- [Exercise material]
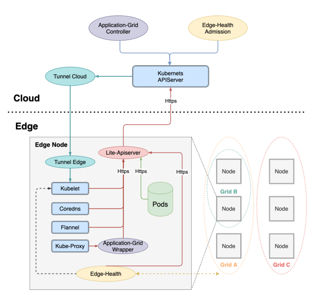 Tunnel Server/Tunnel Agent: 每个边缘节点上的Tunnel Agent将主动与云端Tunnel Server建立双向认证的加密的gRPC连接,同时云端将通过此连接访问到边缘节点及其资源。
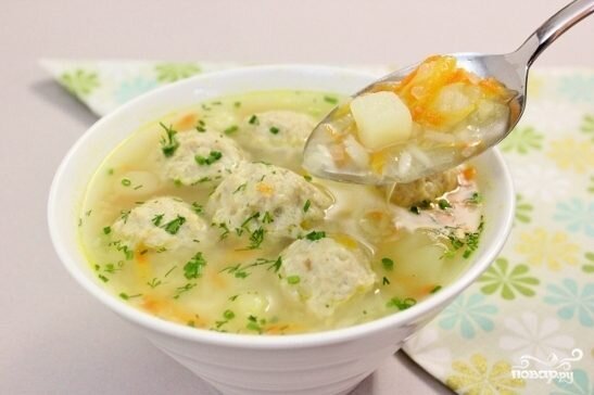 Описание приготовления: Домашний суп с фрикадельками - простой в приготовлении и очень вкусный суп с мясными шариками из фарша с добавлением зелени. Рецепт блюда придумали итальянские мастера кулинарии. Если хотите, то можно добавить в суп с фрикадельками засыпку: гречку, рис либо лапшу. Засыпка добавляется вместе с картошкой. Ингредиенты: Говядина-500 Грамм(фарш) Картофель-4 Штуки Луковица-1 Штука Морковь-1 Штука Болгарский перец-1 Штука(можно не добавлять) Лавровый лист-2Штуки Соль-По вкусу Перец-По вкусу Способ приготовление: 1. Для начала нужно приправить, посолить и поперчить фарш. 2. Мелко нарежьте картофель, лук и болгарский перец. Морковь очистите и натрите на терке. 3. На растительном масле на среднем огне обжарьте лук, затем добавьте морковь и болгарский перец. 4. Доведите до кипения кастрюлю с 2,5 литрами воды. Засыпьте в нее картошку. Добавьте обжаренные овощи. Варите овощи в течение 5 минут. Затем из фарша слепите фрикадельки и бросьте в кипящий бульон. 5. Посо
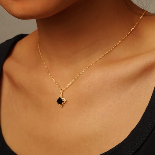 HOT ! Dainty 14K Gold Plated Black Onyx Necklace for Women 925 Sterling Silver Square Gemstone Cubic Zirconia Pendant Choker Necklace Jewelry Christmas Wedding Gift
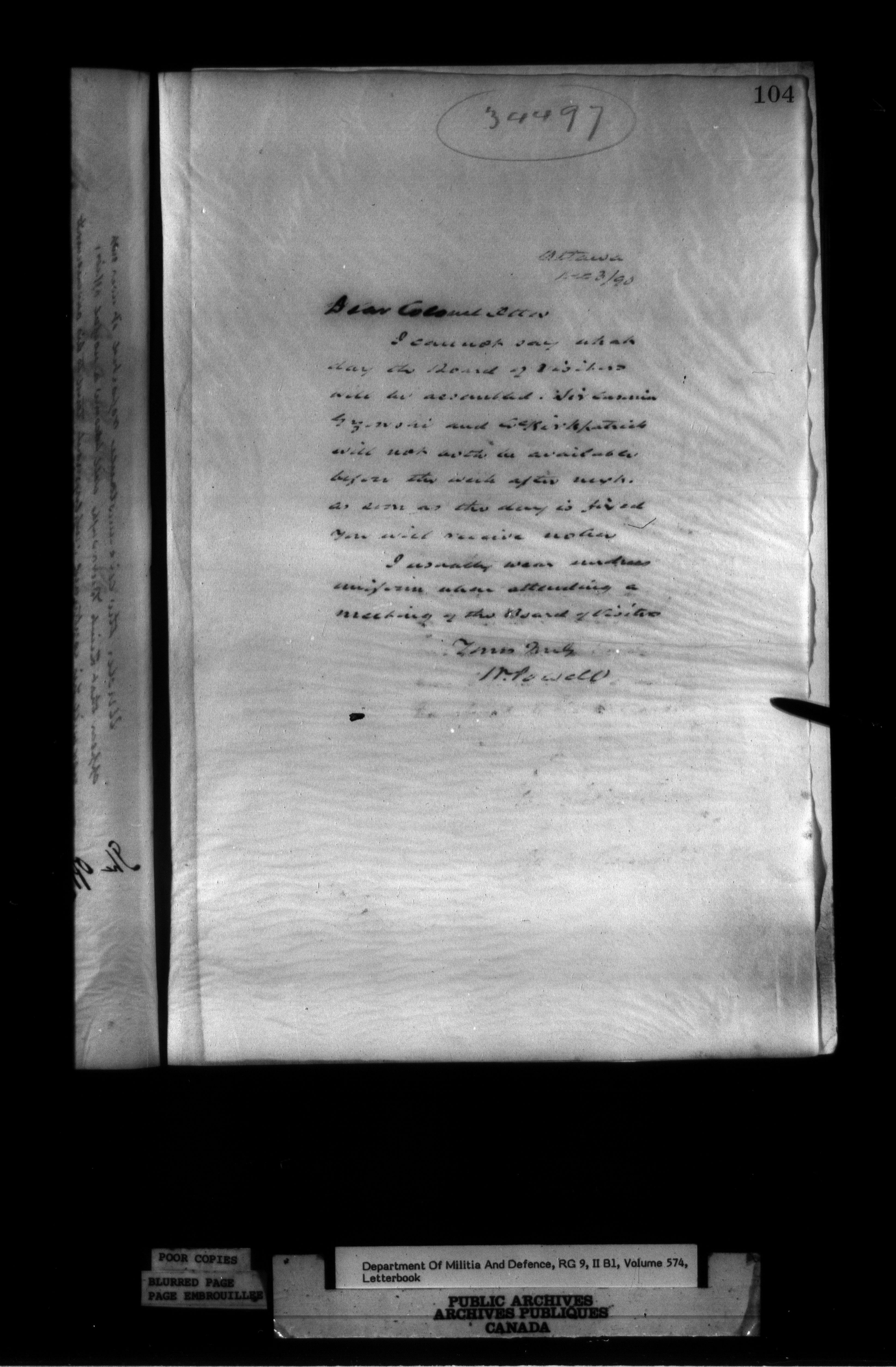 Correspondence of the General Officer Commanding (GOC) of the Canadian Militia and his predecessor, the Adjutant General - 324
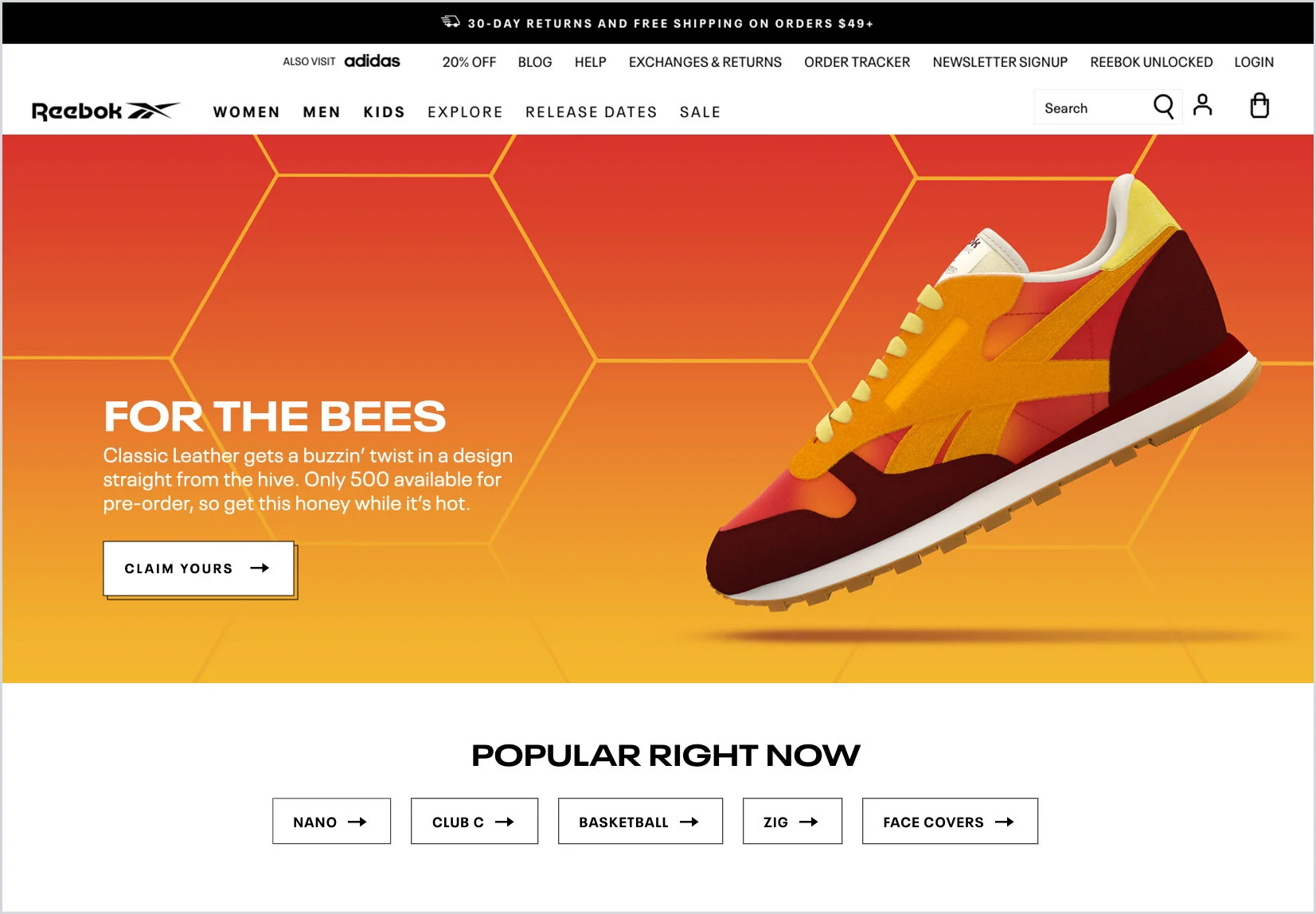 Landing Page on Reebok.com
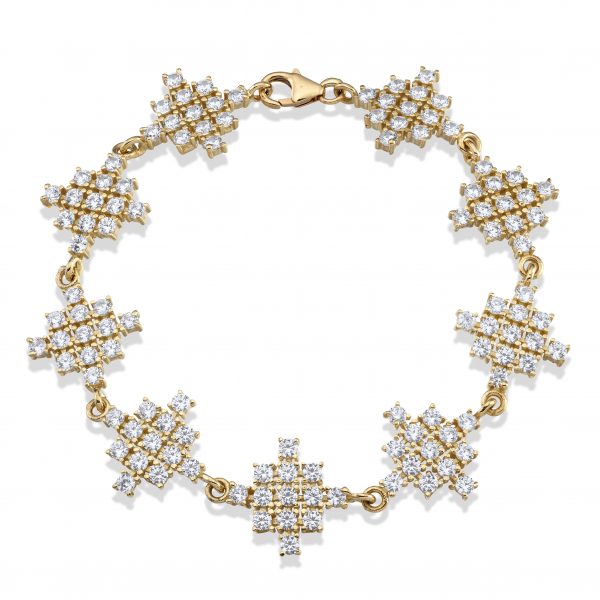 צמיד זהב 14K עשוי חוליות בצורת מעויין משובץ אבני גראנט אדומות או אבני זירקון לבנות לבחירת הלקוח
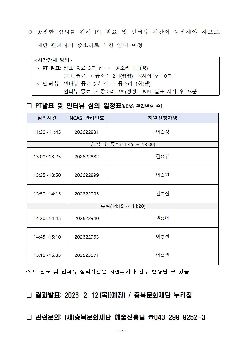 | 2026 시각예술창작기획지원사업 PT 발표 및 인터뷰 심의 안내 | |||||
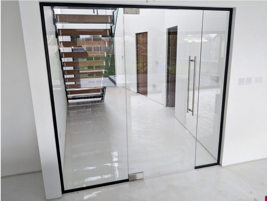 We supply and install frameless glass doors with either push/pull handles or with free swing or a variety of self closing mechanisms lever handles and locks. Doors can be supplied full height up to 3000mm or with an over panel and are installed with a free swing or a variety of self closing mechanisms, can be incorporated with our slimline aluminium door frame to enhance acoustic performance.

- [Aim of the exercise]
A word-for-word copy of the listing is needed, with no pictures in it.

- [Result]
 Tunnel Server/Tunnel Agent: 每个边缘节点上的Tunnel Agent将主动与云端Tunnel Server建立双向认证的加密的gRPC连接,同时云端将通过此连接访问到边缘节点及其资源。
 Описание приготовления: Домашний суп с фрикадельками - простой в приготовлении и очень вкусный суп с мясными шариками из фарша с добавлением зелени. Рецепт блюда придумали итальянские мастера кулинарии. Если хотите, то можно добавить в суп с фрикадельками засыпку: гречку, рис либо лапшу. Засыпка добавляется вместе с картошкой. Ингредиенты: Говядина-500 Грамм(фарш) Картофель-4 Штуки Луковица-1 Штука Морковь-1 Штука Болгарский перец-1 Штука(можно не добавлять) Лавровый лист-2Штуки Соль-По вкусу Перец-По вкусу Способ приготовление: 1. Для начала нужно приправить, посолить и поперчить фарш. 2. Мелко нарежьте картофель, лук и болгарский перец. Морковь очистите и натрите на терке. 3. На растительном масле на среднем огне обжарьте лук, затем добавьте морковь и болгарский перец. 4. Доведите до кипения кастрюлю с 2,5 литрами воды. Засыпьте в нее картошку. Добавьте обжаренные овощи. Варите овощи в течение 5 минут. Затем из фарша слепите фрикадельки и бросьте в кипящий бульон. 5. Посо
 HOT ! Dainty 14K Gold Plated Black Onyx Necklace for Women 925 Sterling Silver Square Gemstone Cubic Zirconia Pendant Choker Necklace Jewelry Christmas Wedding Gift
 Correspondence of the General Officer Commanding (GOC) of the Canadian Militia and his predecessor, the Adjutant General - 324
 Landing Page on Reebok.com
 צמיד זהב 14K עשוי חוליות בצורת מעויין משובץ אבני גראנט אדומות או אבני זירקון לבנות לבחירת הלקוח
 | 2026 시각예술창작기획지원사업 PT 발표 및 인터뷰 심의 안내 | |||||
 We supply and install frameless glass doors with either push/pull handles or with free swing or a variety of self closing mechanisms lever handles and locks. Doors can be supplied full height up to 3000mm or with an over panel and are installed with a free swing or a variety of self closing mechanisms, can be incorporated with our slimline aluminium door frame to enhance acoustic performance.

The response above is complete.